Approximately 1 in 10 people are affected by kidney stones in their lifetime, but kidney stone disease in children is different from that in adults.3 Adults who present with a single stone event do not require a metabolic workup like children do to evaluate for rare forms of stone disease that can lead to the risk of renal failure. Stone analysis is a key part of the pediatric workup, and although it may not be definitive for diseases such as PH (calcium oxalate) or Dent disease (calcium oxalate or calcium phosphate), it narrows the differential diagnosis.3 After a stone analysis is complete, a 24-hour urine test would be the next important test to run. Healthcare professionals should be aware that high urine oxalate levels (>0.7 mmol/1.73 m2 per 24 hours) is highly suggestive of PH in the absence of enteric hyperoxaluria and fat malabsorption.3

There have been recent advances in the management of PH1 with RNAi therapy.4 The science behind RNAi therapy is more complex than traditional medication therapies and can pose challenges to healthcare professionals, especially when coupled with rare disease, which they may be only somewhat or not at all familiar with managing.

The goal of all PH treatments is to reduce urinary oxalate concentration and increase solubility via hyperhydration, use of crystallization inhibitors, and, in PH1, use of oral vitamin B6 supplementation in B6-repsonsive patients. Vitamin B6 is an AGT cofactor that can completely or partially restore its function in a subset of patients. Increasing solubility of calcium oxalate is accomplished to a degree by hyperhydration (to dilute urinary oxalate) and administration of oral potassium citrate or neutral phosphorus (which act as crystallization inhibitors). RNAi therapy has been recently introduced for PH1 management.5

Two separate RNAi agents, lumasiran and nedosiran, are now approved by the FDA for PH1 treatment in adults and children. RNAi therapy works as a targeted approach by silencing specific genes in the liver pathway that can generate oxalate. RNAi therapy consists of small RNA molecules designed to match the mRNA of a specific gene. When they pair up, the destruction of the mRNA prevents the production of the enzyme it encodes.  Lumasiran is administered by SC injections with 3 loading doses administered monthly, followed by an ongoing dose 1 month after the last loading dose, and then quarterly. Lumasiran is indicated for all ages (infants through adulthood). Lumasiran is approved to be given by a healthcare professional from a single-dose vial.6 Nedosiran is approved for patients 9 years of age and older with preserved kidney function.
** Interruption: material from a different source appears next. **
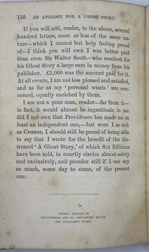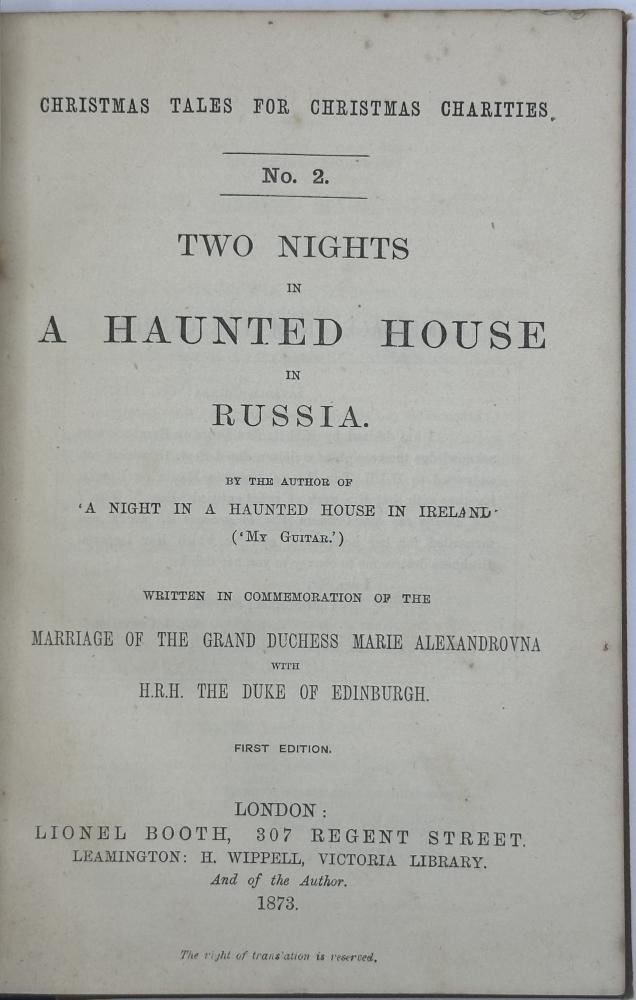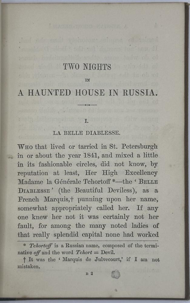 | Rare RUSSIAN GHOST STORY - Two Nights In a Haunted House 1873 1st Ed BKN0029 .jpeg) Click image to enlarge  .jpeg) .jpeg) .jpeg) .jpeg) .jpeg) .jpeg) .jpeg) .jpeg) .jpeg) Two nights in a haunted house in Russia, by the author of 'A night in a haunted house in Ireland'.[By Edward Tracy Turnerellli. DESCRIPTION: Published London, Lionel Booth, Regent Street, 1873. Two Nights in a Haunted House in Russia was no 2 of Trunerelli's 'Christmas Tales for Christmas Charities. It comprises 33 pages of preliminary matter, including advert page before the title detailing Turnerelli's charity fund raising from 1859 and the success of his first ghost story 'A Night in a Haunted House in Ireland' which has passed through 6 editions.  SIZE: 182 x 125mm. CONDITION: Blank endpapers lightly foxed. Contemporary name of 'Chloe Fielding', the binding lightly rubbed and other extremities, else a very good copy throughout. £600.00 Have a Question?You need to be Signed In to ask questions. |

It is available in 2 strengths—128 mg or 160 mg—to be given subcutaneously once monthly from home in a prefilled syringe.7

In addition to new and emerging therapies, newly published international clinical practice recommendations on the diagnosis and management of PH are available.1 These guidelines map out a stepwise approach for the diagnosis and management of patients with PH, including the use of targeted RNAi therapies in PH1.

Education on disease awareness, diagnosis, new and emerging treatments, and strategies to improve integrated multidisciplinary care of patients with rare diseases is needed to support nephrologists, pediatricians, urologists, and other healthcare professionals providing care to patients who have been diagnosed with or who need diagnostic workup for PH.